Bad news is because various researchers and practitioners have given their own point of view in which each one of the researchers is defining brand equity in owns own context. This differences can be highlighted by the following definitions

o According to David A. Aaker(1991), brand equity is “a set of assets(and liabilities) link to a brand’s name and symbol, that adds to (or subtracts from), the value provided by a product or service to a firm and/ or that firm’s customers.”

o Lance Leuthesser, et al (1995) wrote that “… brand equity represents the value(to a customer) of a product, above that which would result for an otherwise identical product without brands name. in other words’ brand equity represents the degree to which a brand’s name alone contributes value to the offering(again, from the prespective of the consumer).”

o The Marketing Science Institute(1988) defines brand equity as, “the set of associations and behaviours on the part of brand’s customers, channel members, and parent corporations that permits the brand to earn greater volume and greater margins than it could without the brand name and that gives the brand a strong, sustainable and differentiated advantage over competitors.”

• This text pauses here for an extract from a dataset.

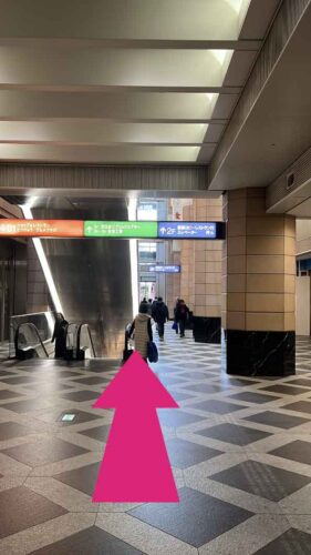 キャロットタワーを通り抜けたら外に出て、左に曲がります。(右に曲がってもほとんど所要時間は変わりませんが、少し道が入り組んでいます)

o Jhon Brodsky (1991) states brand equity as, “The sales and profit impact enjoyed as a result of prior years’ marketing efforts versus a comparable new brand.”

o Rajendra Srivastava and Allen D. Schocker, discussed the scope as, “Brand equity subsumes brand strength is the set of associations and behaviours on the part of a brand’s customers, channel members and parent corporation that permits the brand to enjoy sustainable and differentiated competitive advantages. Brand value is the financial outcome of management’s ability to leverage brand strength via tactical and strategic actions in providing superior current and future profits and lowered risks.”

Fundamentally, branding is about endowing products and services with the power of brand equity. Although the number of different specific views of brand equity may prevail most observers are in agreements that brand equity should be defined in terms of marketing effects that are uniquely attributed to a brand.

More over the marketing effects pay only when customers recognized and accept the same. That is the reason brand equity should be customer-based. A brand is said to have positive customer-based brand equity when customers react more favorably to a product and the way it is marketed when the brand is identified than when it is not (e.g., when it is attributed to a fictitiously named or unnamed versions of the product.)